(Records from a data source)
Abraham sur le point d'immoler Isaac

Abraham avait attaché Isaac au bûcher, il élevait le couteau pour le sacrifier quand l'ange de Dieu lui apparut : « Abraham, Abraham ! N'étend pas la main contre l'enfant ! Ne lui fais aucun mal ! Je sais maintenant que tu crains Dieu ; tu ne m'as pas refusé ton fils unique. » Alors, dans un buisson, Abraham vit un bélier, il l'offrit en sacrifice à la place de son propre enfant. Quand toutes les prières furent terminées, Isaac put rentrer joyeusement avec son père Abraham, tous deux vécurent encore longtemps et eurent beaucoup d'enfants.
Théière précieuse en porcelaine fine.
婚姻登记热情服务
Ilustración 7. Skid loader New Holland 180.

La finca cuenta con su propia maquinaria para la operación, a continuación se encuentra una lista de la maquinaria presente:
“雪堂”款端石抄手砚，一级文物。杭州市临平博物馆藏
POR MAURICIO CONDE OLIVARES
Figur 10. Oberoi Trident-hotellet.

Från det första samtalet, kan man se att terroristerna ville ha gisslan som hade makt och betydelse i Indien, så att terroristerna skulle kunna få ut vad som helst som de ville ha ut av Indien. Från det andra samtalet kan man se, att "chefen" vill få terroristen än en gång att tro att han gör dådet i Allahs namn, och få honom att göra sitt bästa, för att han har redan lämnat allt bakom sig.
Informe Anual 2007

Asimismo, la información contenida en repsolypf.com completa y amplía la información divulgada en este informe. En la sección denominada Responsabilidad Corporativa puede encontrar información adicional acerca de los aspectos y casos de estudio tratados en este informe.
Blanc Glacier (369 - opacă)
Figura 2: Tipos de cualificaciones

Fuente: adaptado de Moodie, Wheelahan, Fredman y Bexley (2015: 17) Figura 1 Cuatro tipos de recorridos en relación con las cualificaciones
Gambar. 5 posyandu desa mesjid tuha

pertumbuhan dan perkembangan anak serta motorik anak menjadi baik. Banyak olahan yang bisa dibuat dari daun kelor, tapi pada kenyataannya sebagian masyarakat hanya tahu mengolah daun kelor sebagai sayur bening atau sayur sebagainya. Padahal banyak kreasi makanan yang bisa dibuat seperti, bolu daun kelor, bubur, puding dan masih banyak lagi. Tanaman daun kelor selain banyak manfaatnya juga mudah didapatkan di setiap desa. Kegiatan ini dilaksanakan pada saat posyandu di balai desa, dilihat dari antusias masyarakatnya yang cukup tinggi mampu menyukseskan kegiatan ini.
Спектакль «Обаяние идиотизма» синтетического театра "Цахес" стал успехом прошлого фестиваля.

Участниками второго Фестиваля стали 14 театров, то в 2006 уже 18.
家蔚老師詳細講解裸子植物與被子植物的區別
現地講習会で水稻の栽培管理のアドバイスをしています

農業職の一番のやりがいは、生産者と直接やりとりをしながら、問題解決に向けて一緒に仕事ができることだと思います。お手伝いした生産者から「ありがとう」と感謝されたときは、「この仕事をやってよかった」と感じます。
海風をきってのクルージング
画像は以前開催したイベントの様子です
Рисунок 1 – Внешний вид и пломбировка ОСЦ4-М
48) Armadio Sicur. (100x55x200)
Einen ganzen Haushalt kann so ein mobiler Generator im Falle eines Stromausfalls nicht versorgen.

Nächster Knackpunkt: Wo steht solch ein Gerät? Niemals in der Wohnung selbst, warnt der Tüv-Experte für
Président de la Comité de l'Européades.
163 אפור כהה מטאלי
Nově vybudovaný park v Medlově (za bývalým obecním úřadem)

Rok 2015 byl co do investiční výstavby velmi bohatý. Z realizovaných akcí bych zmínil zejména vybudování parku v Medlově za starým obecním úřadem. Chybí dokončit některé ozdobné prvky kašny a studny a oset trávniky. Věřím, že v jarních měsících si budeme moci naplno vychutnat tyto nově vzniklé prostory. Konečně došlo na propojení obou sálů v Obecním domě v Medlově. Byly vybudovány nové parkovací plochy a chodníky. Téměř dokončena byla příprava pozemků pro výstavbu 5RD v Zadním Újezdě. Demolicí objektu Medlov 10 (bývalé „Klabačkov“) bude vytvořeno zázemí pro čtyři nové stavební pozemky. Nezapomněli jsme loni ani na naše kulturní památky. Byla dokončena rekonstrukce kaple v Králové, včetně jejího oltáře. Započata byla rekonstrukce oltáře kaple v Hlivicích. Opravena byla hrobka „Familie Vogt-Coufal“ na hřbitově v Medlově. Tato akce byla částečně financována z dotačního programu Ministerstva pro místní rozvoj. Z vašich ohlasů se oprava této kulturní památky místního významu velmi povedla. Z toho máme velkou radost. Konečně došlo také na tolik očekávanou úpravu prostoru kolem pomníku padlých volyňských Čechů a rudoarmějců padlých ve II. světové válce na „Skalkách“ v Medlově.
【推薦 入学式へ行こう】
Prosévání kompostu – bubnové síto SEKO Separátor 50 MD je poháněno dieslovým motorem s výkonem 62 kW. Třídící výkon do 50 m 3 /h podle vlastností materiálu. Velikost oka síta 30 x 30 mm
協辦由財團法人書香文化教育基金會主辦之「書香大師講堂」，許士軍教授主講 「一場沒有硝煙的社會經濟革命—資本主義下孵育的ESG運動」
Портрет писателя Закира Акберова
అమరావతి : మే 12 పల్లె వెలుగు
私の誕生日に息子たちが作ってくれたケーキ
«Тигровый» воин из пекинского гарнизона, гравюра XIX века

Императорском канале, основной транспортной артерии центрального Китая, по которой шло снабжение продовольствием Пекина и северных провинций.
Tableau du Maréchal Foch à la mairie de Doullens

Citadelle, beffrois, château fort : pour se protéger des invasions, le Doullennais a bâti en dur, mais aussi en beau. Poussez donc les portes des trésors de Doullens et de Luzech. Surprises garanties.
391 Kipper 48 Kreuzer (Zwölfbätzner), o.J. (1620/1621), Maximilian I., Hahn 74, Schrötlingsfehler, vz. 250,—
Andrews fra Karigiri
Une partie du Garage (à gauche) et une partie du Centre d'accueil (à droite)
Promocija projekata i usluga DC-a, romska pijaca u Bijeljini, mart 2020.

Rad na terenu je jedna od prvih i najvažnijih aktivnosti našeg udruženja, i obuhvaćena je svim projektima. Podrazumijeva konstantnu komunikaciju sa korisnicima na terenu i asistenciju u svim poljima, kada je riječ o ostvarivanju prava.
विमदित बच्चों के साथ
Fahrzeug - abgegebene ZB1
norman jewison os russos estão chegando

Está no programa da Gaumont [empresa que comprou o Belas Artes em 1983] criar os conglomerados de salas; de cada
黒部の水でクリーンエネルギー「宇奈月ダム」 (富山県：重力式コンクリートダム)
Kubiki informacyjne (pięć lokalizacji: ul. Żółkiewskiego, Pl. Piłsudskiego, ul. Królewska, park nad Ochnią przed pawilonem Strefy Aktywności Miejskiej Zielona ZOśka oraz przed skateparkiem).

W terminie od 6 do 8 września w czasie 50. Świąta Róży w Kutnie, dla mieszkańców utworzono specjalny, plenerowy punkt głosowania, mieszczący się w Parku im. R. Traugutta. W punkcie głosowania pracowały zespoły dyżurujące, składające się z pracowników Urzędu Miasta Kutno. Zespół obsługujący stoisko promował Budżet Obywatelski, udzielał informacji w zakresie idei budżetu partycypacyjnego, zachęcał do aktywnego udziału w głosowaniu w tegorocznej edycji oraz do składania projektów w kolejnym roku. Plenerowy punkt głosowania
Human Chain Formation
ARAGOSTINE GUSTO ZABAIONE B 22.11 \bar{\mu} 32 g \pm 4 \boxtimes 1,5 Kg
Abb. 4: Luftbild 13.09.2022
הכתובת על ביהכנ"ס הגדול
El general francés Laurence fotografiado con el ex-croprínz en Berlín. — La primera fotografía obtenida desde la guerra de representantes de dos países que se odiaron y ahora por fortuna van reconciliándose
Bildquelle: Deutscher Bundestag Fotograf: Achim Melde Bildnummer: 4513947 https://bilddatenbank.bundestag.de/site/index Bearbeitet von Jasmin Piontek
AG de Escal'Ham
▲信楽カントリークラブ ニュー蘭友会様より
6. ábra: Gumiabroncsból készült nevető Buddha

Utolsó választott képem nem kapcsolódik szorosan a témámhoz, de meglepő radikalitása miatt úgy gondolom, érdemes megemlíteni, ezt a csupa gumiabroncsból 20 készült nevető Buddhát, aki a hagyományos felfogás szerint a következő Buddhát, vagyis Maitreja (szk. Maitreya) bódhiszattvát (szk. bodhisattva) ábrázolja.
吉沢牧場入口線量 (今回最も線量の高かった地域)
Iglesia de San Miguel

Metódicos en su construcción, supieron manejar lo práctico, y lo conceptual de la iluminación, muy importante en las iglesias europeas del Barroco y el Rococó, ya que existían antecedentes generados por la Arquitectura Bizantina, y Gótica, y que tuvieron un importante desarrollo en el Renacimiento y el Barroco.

- **WORK TASK**:
Copy the lines above exactly, beginning at the line that has "Rad na terenu" and stopping after the line that has "विमदित बच्चों के साथ", and omit the rest.

- **RESPONSE TO THIS TASK**:
Rad na terenu je jedna od prvih i najvažnijih aktivnosti našeg udruženja, i obuhvaćena je svim projektima. Podrazumijeva konstantnu komunikaciju sa korisnicima na terenu i asistenciju u svim poljima, kada je riječ o ostvarivanju prava.
विमदित बच्चों के साथ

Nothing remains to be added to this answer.